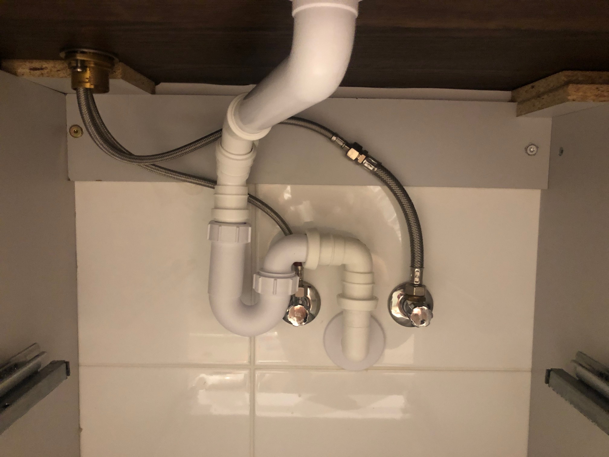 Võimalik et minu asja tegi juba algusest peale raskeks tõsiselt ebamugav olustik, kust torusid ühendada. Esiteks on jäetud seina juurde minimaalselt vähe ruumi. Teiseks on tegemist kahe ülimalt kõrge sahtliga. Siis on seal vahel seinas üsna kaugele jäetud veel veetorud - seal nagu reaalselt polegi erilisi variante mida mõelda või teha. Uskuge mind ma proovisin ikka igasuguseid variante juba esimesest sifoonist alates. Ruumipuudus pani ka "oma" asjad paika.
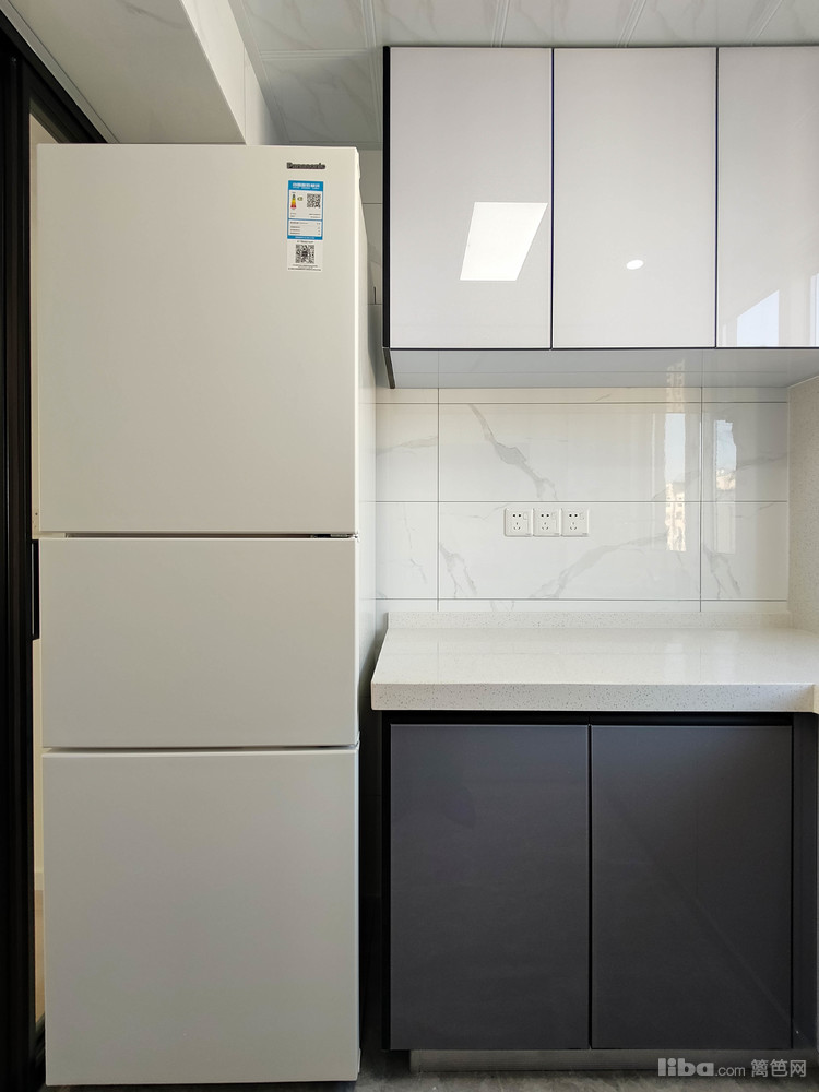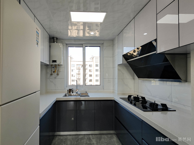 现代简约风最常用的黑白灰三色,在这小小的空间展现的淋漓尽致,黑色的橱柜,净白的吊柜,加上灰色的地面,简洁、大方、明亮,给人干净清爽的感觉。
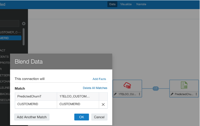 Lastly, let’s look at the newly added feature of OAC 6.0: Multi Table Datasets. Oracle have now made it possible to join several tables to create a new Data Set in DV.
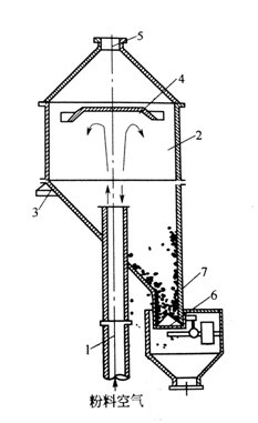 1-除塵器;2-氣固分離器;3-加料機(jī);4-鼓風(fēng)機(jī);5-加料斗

================================

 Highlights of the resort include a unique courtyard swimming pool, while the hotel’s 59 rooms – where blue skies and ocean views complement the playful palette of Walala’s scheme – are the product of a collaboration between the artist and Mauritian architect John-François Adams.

================================

Everything between and including the line above containing "Lastly, let’s look" and the line containing "1-除塵器;2-氣固分離器;" should be reproduced exactly, with pictures excluded.

 Lastly, let’s look at the newly added feature of OAC 6.0: Multi Table Datasets. Oracle have now made it possible to join several tables to create a new Data Set in DV.
 1-除塵器;2-氣固分離器;3-加料機(jī);4-鼓風(fēng)機(jī);5-加料斗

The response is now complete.